Integrated Tracing, Profiling and Debugging for Tuning Large Heterogeneous Clusters
The communication and computing infrastructure is rapidly evolving towards mobile clients accessing a large number of servers in the cloud. The complexity of that infrastructure has been increasing exponentially over the last several decades with the processors in the clients, servers and networking nodes now running several processor cores in parallel, often with application specific integrated circuits (ASIC) coprocessors for specialized tasks. Adding to this complexity is the increasing reliance on virtualization and transparent migration for both computing nodes and networking. Moving services from one physical node to another or from one communication link and switch to another may be useful for resource optimization purposes, scalability or fault tolerance.

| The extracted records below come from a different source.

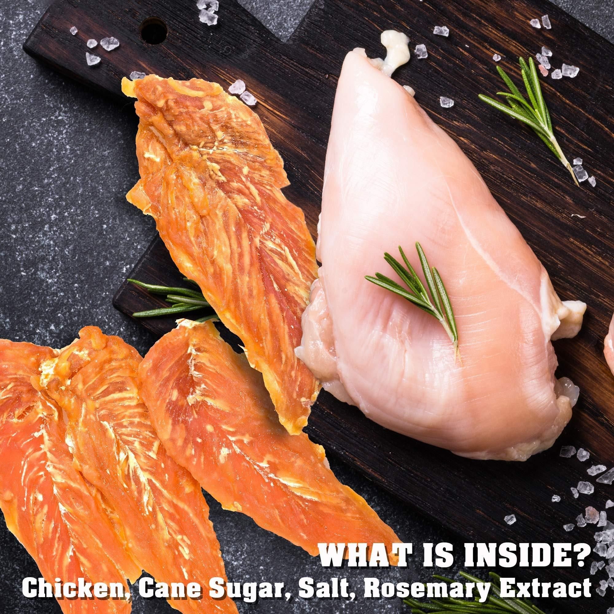 1.chicken jerky made of 100% chicken meat: you need to let your dog enjoy high quality natural and healthy food. it is right to choose our product. dog chewies are perfect for training, these top jerky will last a long time and can special promote dogs' teeth healthy. have less plaque and tartar. keeps dogs' jaws strong and breath fresher.
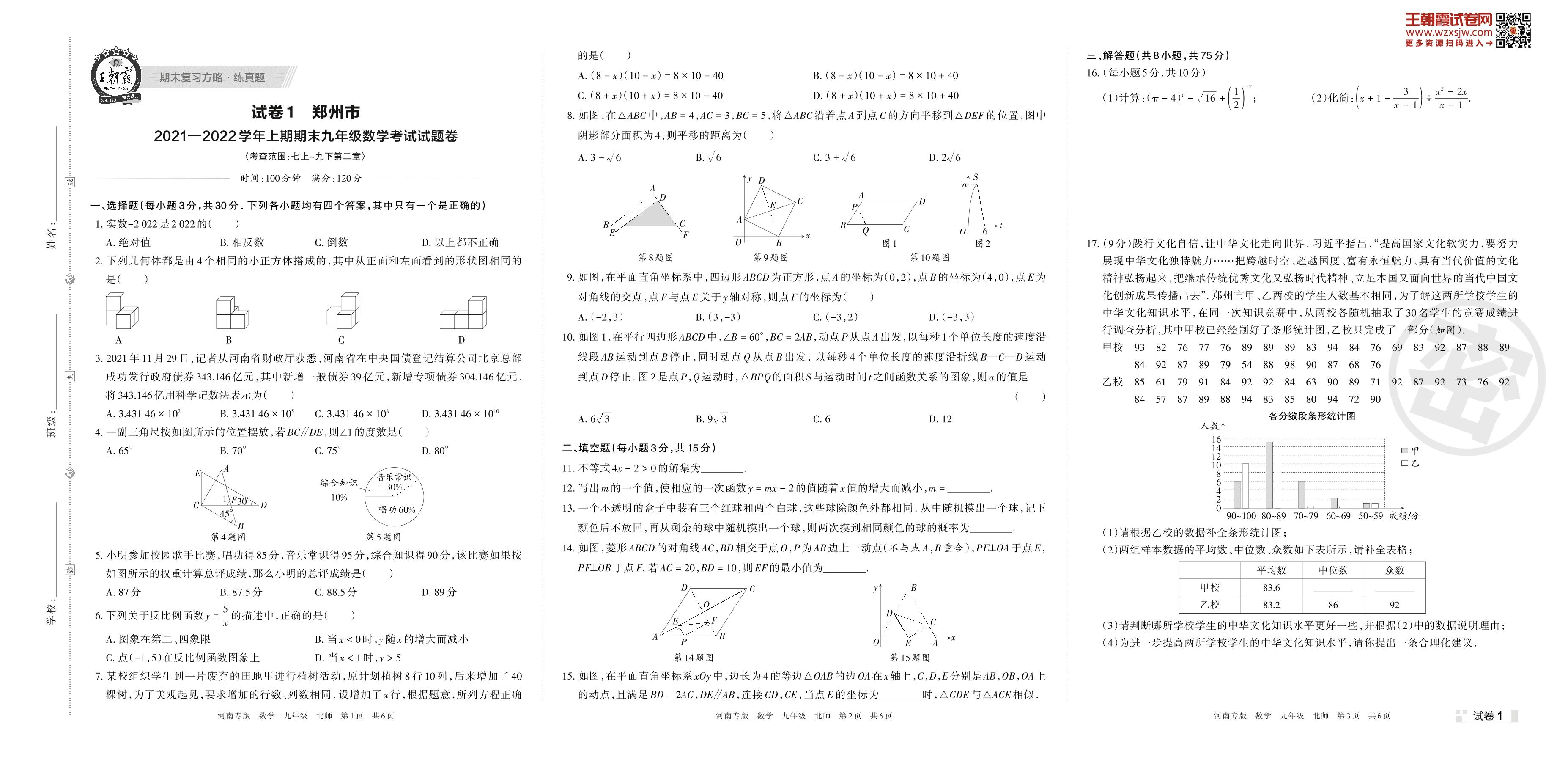 郑州市2021—2022学年上期期末九年级数学考试试题卷(北师版)【1】
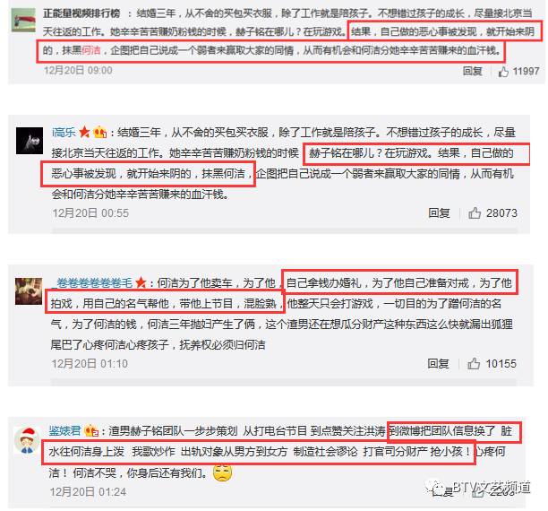 不但经纪人和圈内好友转发支持,舆论也立刻倒向何洁,称何洁既要照顾家照顾孩子,又要努力工作赚钱,非常不容易,让人心疼。并爆料赫子铭N宗罪:

As a result, even a simple request as initiating a phone call or making a Web search can involve several parallel processors on several servers. Moreover, the same request issued a few seconds later may be served in a different way by different physical servers. Therefore, understanding the performance of these services has become extremely difficult and the tools for that purpose are severely lacking [1]. Debugging tools can follow with a significant overhead the state of a program. Profiling tools are helpful to characterize the CPU usage profile of the different sections of a running program, with minimal overhead, but provide little or no information about the interactions with the operating system or with the remaining parts of a distributed system. Tracing tools have the potential to provide with low overhead all the needed information about the different parts of a system; however they lack the needed integration and correlation to link the events originating from different layers and different pieces of the distributed system puzzle. This lack of integration is especially visible between the low level tools used by hardware designers (hardware support for tracing and debugging) and the higher level software tools used by software engineers, preventing either from having the big picture and being able to work efficiently on cross-cutting issues.

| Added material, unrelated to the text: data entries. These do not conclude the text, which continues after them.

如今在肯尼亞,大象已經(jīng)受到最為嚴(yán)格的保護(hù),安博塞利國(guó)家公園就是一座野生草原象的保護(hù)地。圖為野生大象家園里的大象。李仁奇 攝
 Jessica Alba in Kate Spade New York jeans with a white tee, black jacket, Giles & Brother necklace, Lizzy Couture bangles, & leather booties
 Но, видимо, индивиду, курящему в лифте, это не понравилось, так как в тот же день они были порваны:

The objective of this project is: i) to complement the data gathering tools in order to cover all the elements of a server cluster, ii) to integrate and correlate the information coming from all the pieces and all the layers of the distributed system formed by the server cluster and its clients, iii) to accumulate all that information in a system model of the current state (and the events leading to that state), and iv) to provide analysis and visualization modules. To achieve this, a number of new algorithms and techniques will be required, in order to extract that information with low overhead, minimizing the perturbation on the system being analyzed, and to efficiently analyze online the gigabytes of data produced by such tracing tools. This monitoring and analysis infrastructure will help system engineers quickly understand the behavior and performance of these complex distributed systems.

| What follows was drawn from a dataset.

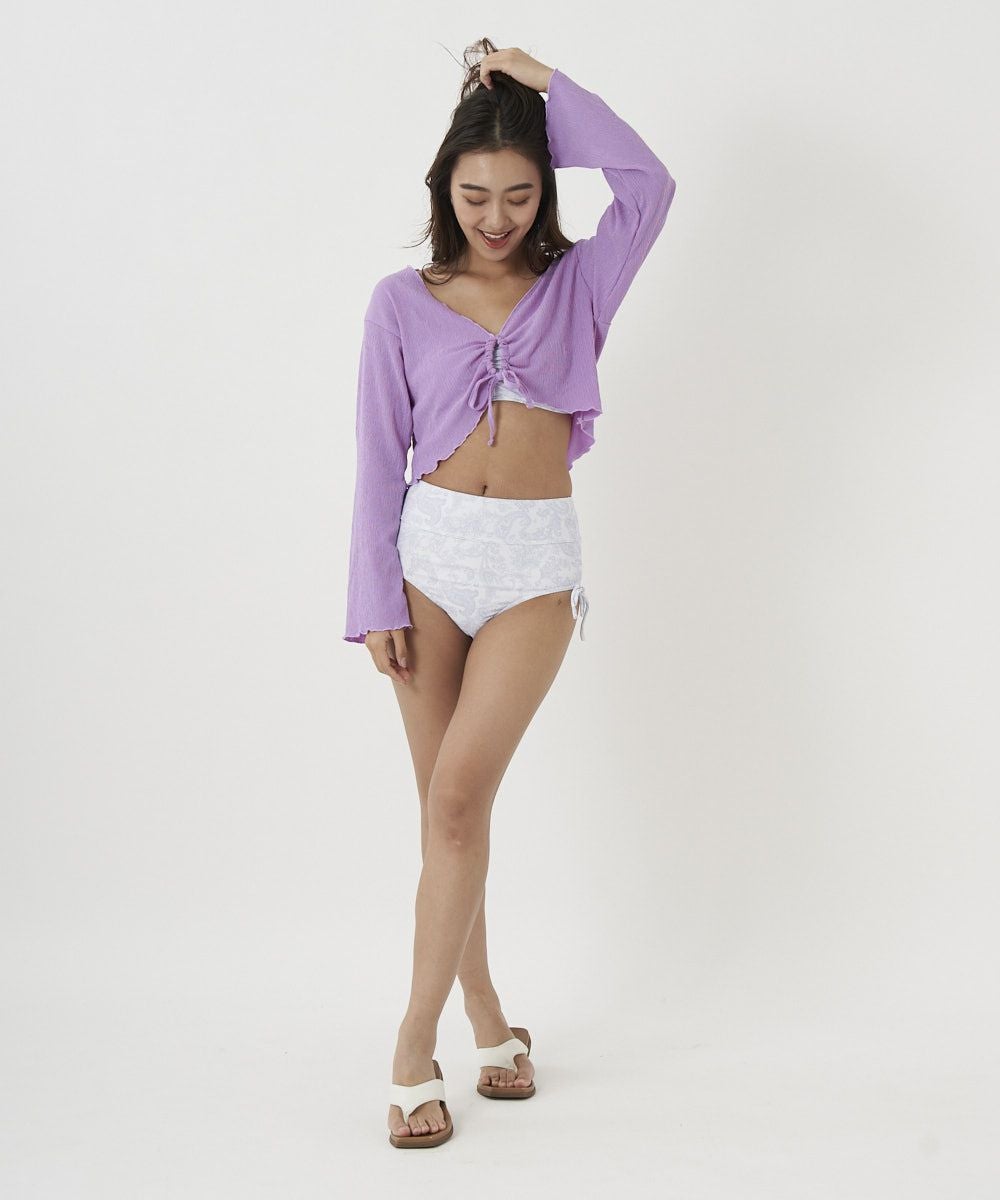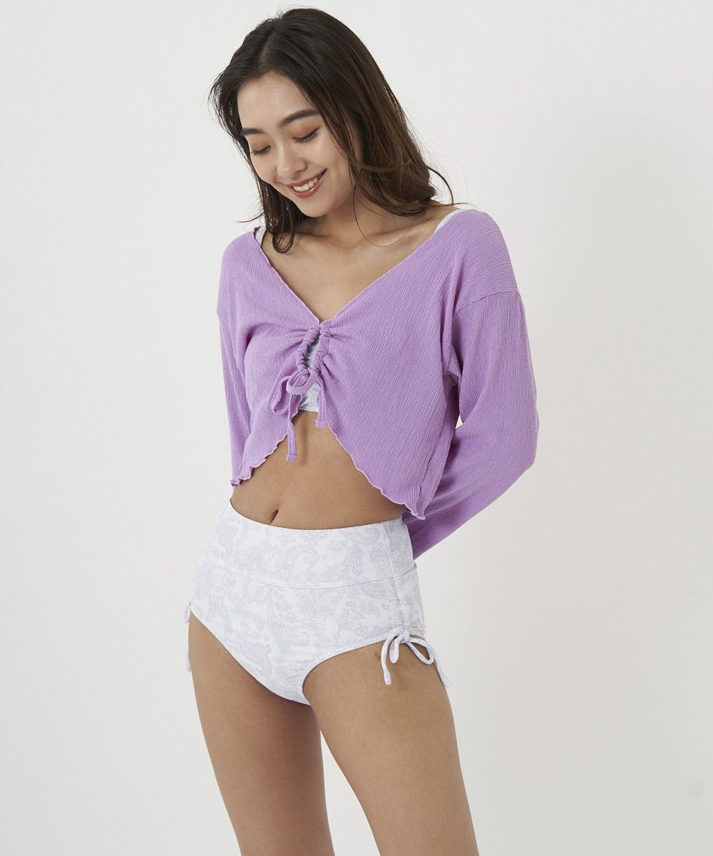 素材が凸凹したシワ素材で見た目にも通気性にも優れた水着セット。とにかくシワ素材のボレロが可愛い!!普段にもカーディガンとして使えます♪水着の柄は淡いペイズリーで大人な水着です。
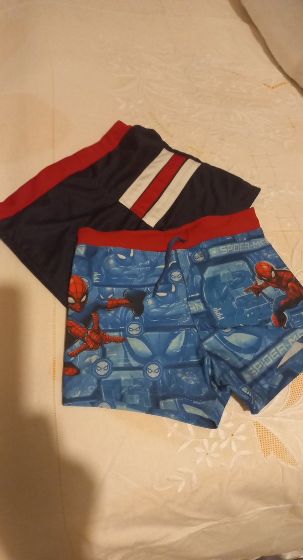 Koyu lacivert renkli, kırmızı beyaz şerit detaylı markasız ve Spiderman figürlü erkek çocuk boxer, kırmızı bel bandı 4-5 yaş için LCW mayo.

For the Canadian industry, the availability of these tools will simplify the design of these new complex clusters with many-core processors and ASICs. They will be able to quickly understand the system behavior and performance and to optimize its operation, leading to a faster design of more efficient products, and with fewer defects. This will similarly help operators of these complex systems who will benefit from these powerful tools to understand the behavior and performance of their systems, helping them to quickly understand problems and better tune their systems. This is particularly important as the complexity of these systems continues to rise with both computing and networking being subject to virtualization and live migration. In particular, track 4 of the project is dedicated to studying the specific problems encountered on the clusters operated by the industrial sponsors, Ericsson and Revolution Linux, insuring that the proposed tools cover well all their needs, and developing dedicated modeling and analysis modules adapted to their specific context of architecture, resource consumption and operation optimization criteria.
The project will also be extremely beneficial to the highly qualified personnel in training. The graduate students in the project will get direct exposure to these advanced software development tools and state of the art industrial clusters and distributed applications. The project will also help further improve the expertise of Ecole Polytechnique and Ecole de Technologie Superieure in many-core processors and ASICs, software development tools, and virtualized server clusters. This will in turn benefit all their undergraduate and graduate students taking courses in these areas and therefore the Canadian industry recruiting them.